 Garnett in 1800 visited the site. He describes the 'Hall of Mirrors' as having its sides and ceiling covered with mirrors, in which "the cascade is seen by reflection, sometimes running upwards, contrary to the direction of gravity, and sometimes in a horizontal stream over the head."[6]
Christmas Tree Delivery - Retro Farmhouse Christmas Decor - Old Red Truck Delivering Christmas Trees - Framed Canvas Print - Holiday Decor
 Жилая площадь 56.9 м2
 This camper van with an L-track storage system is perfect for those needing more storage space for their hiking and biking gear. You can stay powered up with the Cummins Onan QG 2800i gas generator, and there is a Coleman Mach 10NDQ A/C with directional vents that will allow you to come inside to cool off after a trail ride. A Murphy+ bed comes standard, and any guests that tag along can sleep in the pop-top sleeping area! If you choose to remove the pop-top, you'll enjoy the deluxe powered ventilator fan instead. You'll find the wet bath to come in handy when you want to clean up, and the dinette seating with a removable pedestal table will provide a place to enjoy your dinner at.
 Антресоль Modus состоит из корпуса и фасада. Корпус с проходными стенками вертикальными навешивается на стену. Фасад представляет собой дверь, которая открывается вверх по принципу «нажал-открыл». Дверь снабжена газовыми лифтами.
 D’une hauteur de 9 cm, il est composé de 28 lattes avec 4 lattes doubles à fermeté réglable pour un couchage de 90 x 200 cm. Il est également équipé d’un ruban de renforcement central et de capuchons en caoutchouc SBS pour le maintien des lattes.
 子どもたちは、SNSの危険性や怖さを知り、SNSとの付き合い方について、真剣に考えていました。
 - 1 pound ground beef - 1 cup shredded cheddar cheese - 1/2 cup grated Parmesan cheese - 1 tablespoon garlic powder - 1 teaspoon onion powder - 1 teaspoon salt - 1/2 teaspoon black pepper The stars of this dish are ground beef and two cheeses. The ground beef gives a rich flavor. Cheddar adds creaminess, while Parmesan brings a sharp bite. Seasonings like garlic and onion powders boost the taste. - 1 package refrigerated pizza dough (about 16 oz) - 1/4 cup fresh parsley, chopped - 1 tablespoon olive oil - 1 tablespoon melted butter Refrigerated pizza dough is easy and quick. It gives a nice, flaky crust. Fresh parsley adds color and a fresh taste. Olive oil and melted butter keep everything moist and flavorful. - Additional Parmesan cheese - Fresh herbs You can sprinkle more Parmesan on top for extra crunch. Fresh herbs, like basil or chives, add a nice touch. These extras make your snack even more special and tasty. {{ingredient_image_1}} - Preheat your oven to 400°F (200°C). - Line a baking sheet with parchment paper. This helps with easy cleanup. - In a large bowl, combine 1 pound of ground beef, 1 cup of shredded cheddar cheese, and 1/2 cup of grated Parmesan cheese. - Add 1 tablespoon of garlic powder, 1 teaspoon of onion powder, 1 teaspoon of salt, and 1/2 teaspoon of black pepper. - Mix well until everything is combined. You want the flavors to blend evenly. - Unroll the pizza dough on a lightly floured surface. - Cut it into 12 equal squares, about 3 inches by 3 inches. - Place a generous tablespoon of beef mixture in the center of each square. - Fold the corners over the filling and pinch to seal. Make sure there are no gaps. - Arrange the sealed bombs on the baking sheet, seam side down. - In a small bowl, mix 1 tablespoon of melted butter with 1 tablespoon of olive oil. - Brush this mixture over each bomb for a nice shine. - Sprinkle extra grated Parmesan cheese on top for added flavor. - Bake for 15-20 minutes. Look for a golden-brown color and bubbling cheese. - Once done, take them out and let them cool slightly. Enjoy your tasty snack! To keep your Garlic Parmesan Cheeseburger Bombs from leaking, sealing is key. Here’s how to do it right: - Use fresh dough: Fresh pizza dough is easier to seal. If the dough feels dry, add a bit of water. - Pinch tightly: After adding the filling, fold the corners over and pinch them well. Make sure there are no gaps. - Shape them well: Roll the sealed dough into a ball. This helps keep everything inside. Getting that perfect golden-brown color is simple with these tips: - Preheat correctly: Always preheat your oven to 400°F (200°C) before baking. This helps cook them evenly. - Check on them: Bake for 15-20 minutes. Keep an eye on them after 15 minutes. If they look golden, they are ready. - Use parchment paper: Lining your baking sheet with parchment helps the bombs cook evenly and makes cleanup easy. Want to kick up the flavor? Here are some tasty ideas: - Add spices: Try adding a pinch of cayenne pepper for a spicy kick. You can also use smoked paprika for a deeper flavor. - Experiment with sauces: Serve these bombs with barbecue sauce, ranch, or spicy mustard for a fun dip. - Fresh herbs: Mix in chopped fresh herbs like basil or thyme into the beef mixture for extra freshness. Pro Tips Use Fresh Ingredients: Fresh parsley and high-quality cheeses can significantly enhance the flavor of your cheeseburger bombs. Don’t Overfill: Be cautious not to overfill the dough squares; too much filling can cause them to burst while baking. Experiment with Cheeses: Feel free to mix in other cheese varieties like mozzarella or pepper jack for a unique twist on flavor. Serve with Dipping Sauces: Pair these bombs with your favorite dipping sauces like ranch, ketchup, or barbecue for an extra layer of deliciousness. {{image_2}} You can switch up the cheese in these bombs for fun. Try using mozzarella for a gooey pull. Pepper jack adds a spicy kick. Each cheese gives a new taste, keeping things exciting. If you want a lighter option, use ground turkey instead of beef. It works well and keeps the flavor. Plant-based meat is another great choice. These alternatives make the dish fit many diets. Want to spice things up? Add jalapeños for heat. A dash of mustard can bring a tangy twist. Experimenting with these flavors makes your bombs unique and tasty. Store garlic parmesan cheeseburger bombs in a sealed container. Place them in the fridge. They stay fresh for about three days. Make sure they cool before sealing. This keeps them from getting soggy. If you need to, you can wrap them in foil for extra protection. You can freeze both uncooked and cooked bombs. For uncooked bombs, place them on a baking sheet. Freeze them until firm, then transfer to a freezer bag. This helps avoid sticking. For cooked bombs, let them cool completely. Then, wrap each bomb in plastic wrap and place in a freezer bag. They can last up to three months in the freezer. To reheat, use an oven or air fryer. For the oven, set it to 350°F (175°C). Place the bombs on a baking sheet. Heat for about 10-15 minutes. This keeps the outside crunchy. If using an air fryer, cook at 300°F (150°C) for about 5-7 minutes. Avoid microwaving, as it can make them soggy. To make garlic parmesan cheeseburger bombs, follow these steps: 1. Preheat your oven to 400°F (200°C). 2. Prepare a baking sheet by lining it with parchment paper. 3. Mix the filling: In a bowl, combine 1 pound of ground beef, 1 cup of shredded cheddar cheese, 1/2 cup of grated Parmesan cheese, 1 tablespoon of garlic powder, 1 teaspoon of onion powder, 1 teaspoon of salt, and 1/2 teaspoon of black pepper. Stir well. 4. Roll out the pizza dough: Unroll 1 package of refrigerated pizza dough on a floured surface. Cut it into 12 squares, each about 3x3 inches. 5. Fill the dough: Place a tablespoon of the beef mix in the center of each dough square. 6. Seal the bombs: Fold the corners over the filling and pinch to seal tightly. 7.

··········

Please reproduce the lines from the line with "This camper van" to the line with "子どもたちは、SNSの危険性", both ends included, exactly as they appear above.

◆ **SOLUTION FOR THIS EXERCISE**
 This camper van with an L-track storage system is perfect for those needing more storage space for their hiking and biking gear. You can stay powered up with the Cummins Onan QG 2800i gas generator, and there is a Coleman Mach 10NDQ A/C with directional vents that will allow you to come inside to cool off after a trail ride. A Murphy+ bed comes standard, and any guests that tag along can sleep in the pop-top sleeping area! If you choose to remove the pop-top, you'll enjoy the deluxe powered ventilator fan instead. You'll find the wet bath to come in handy when you want to clean up, and the dinette seating with a removable pedestal table will provide a place to enjoy your dinner at.
 Антресоль Modus состоит из корпуса и фасада. Корпус с проходными стенками вертикальными навешивается на стену. Фасад представляет собой дверь, которая открывается вверх по принципу «нажал-открыл». Дверь снабжена газовыми лифтами.
 D’une hauteur de 9 cm, il est composé de 28 lattes avec 4 lattes doubles à fermeté réglable pour un couchage de 90 x 200 cm. Il est également équipé d’un ruban de renforcement central et de capuchons en caoutchouc SBS pour le maintien des lattes.
 子どもたちは、SNSの危険性や怖さを知り、SNSとの付き合い方について、真剣に考えていました。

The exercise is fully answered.